:: Available data
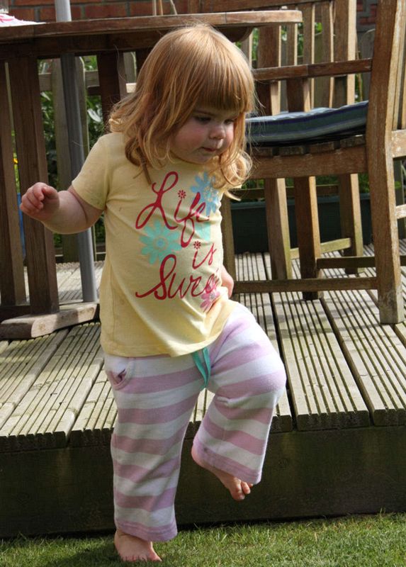 In the previous week, Roy and Maisie (mostly Maisie, very much in charge) worked out a routine whereby they stood on the edge of the decking, Roy said: Ready, Steady, Go! and they both jumped down. Then Maisie ran round in a half-circle and climbed back onto the decking, and they started all over again. On this day, they both stood on the edge of the decking, Roy said: Ready, Steady, Go! and jumped down, all by himself. Maisie stood serenely on the decking, and in her own time sedately stepped down (and ran round in a half-circle and climbed back onto the decking). Here she is, doing just that. | |
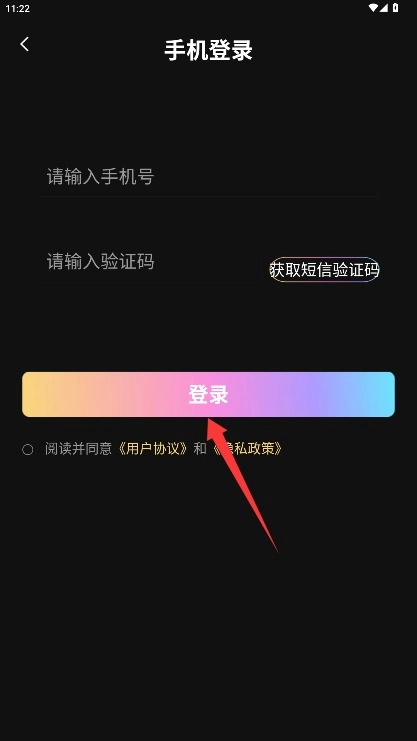 2、在登录页面填写手机号码,点击获取验证码的按钮,待收到验证码后输入,即可完成账号登录操作。
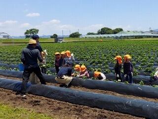 作物専攻の生徒が、近くのいなり認定こども園の園児に芋の苗の定植を教えました。
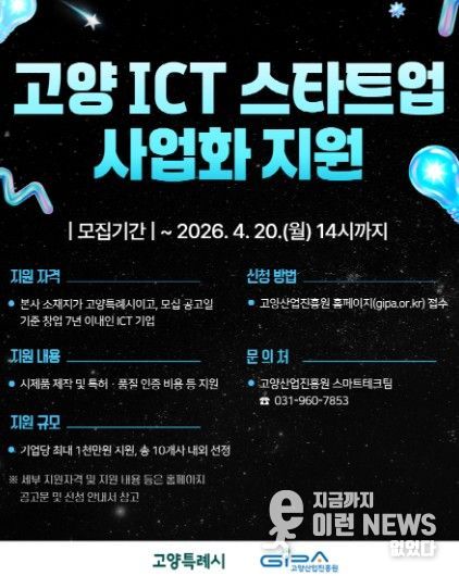 이런뉴스(e-runnews) 김삼성 기자 | 고양산업진흥원이 ‘2026년 고양 ICT 스타트업 사업화 지원사업’ 참여 기업을 모집한다.
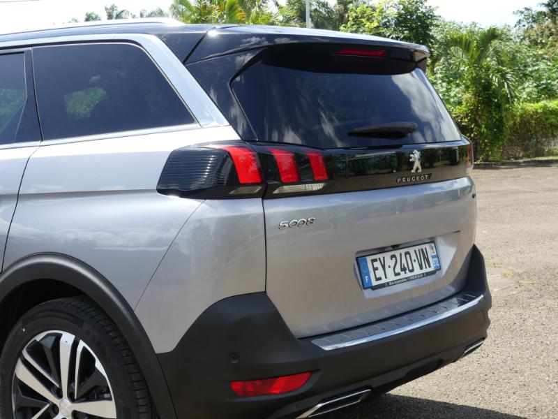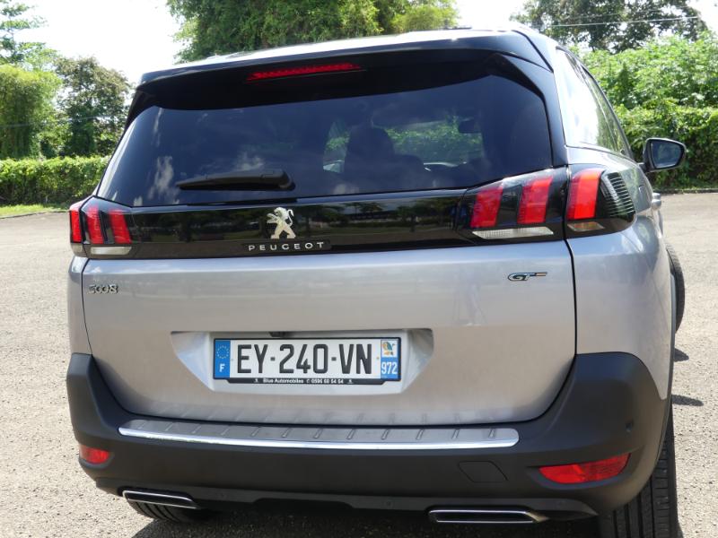 Les jantes bicolores se marient avec les nombreuses touches de chrome qui cerclent les vitres ou soulignent les bas de caisse pour renforcer l’aspect chic de ce SUV de ville. Même le toit sert d’artifice de style en succombant à la mode des voitures bicolores devenues très en vogue. La face arrière propose une quasi reprise à l’échelle de l’arrière d’un 3008 : échappements rectangulaires intégrés au bouclier non peint, phares en reliefs, seuil de porte chromé mais pour notre 5008 une large porte de coffre à ouverture et fermeture automatique... J'aime particulièrement son aspect extérieur il donne rapidement le sentiment d'un véhicule sûr et confortable...
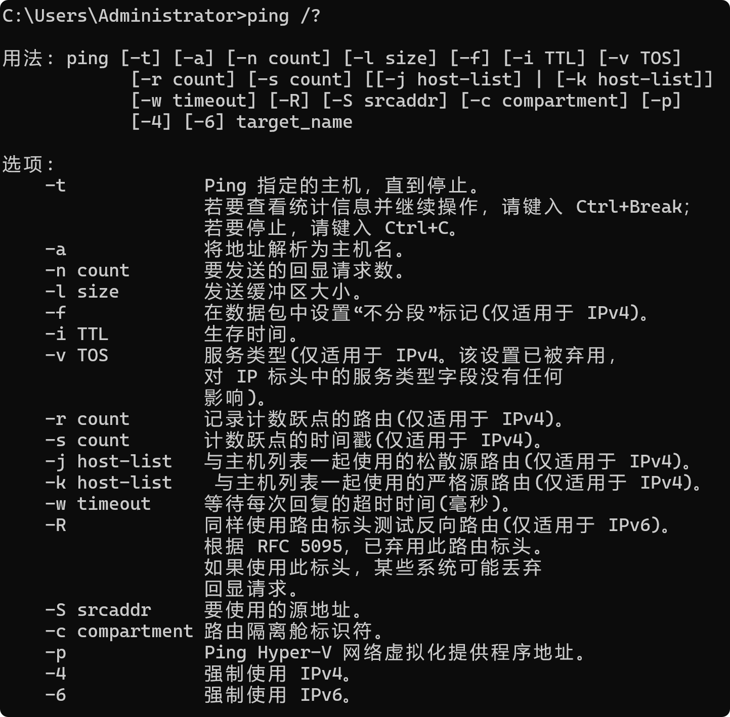 | 获取 IPv6 地址信息 | 查看目标主机的 IPv6 地址信息并进行连接性测试。 | ping -6 -n ipv6.baidu.com |
::::
* [Problem statement] For each entry, repeat its text exactly and leave out any picture it holds.

* [Response to the task]
 In the previous week, Roy and Maisie (mostly Maisie, very much in charge) worked out a routine whereby they stood on the edge of the decking, Roy said: Ready, Steady, Go! and they both jumped down. Then Maisie ran round in a half-circle and climbed back onto the decking, and they started all over again. On this day, they both stood on the edge of the decking, Roy said: Ready, Steady, Go! and jumped down, all by himself. Maisie stood serenely on the decking, and in her own time sedately stepped down (and ran round in a half-circle and climbed back onto the decking). Here she is, doing just that. | |
 2、在登录页面填写手机号码,点击获取验证码的按钮,待收到验证码后输入,即可完成账号登录操作。
 作物専攻の生徒が、近くのいなり認定こども園の園児に芋の苗の定植を教えました。
 이런뉴스(e-runnews) 김삼성 기자 | 고양산업진흥원이 ‘2026년 고양 ICT 스타트업 사업화 지원사업’ 참여 기업을 모집한다.
 Les jantes bicolores se marient avec les nombreuses touches de chrome qui cerclent les vitres ou soulignent les bas de caisse pour renforcer l’aspect chic de ce SUV de ville. Même le toit sert d’artifice de style en succombant à la mode des voitures bicolores devenues très en vogue. La face arrière propose une quasi reprise à l’échelle de l’arrière d’un 3008 : échappements rectangulaires intégrés au bouclier non peint, phares en reliefs, seuil de porte chromé mais pour notre 5008 une large porte de coffre à ouverture et fermeture automatique... J'aime particulièrement son aspect extérieur il donne rapidement le sentiment d'un véhicule sûr et confortable...
 | 获取 IPv6 地址信息 | 查看目标主机的 IPv6 地址信息并进行连接性测试。 | ping -6 -n ipv6.baidu.com |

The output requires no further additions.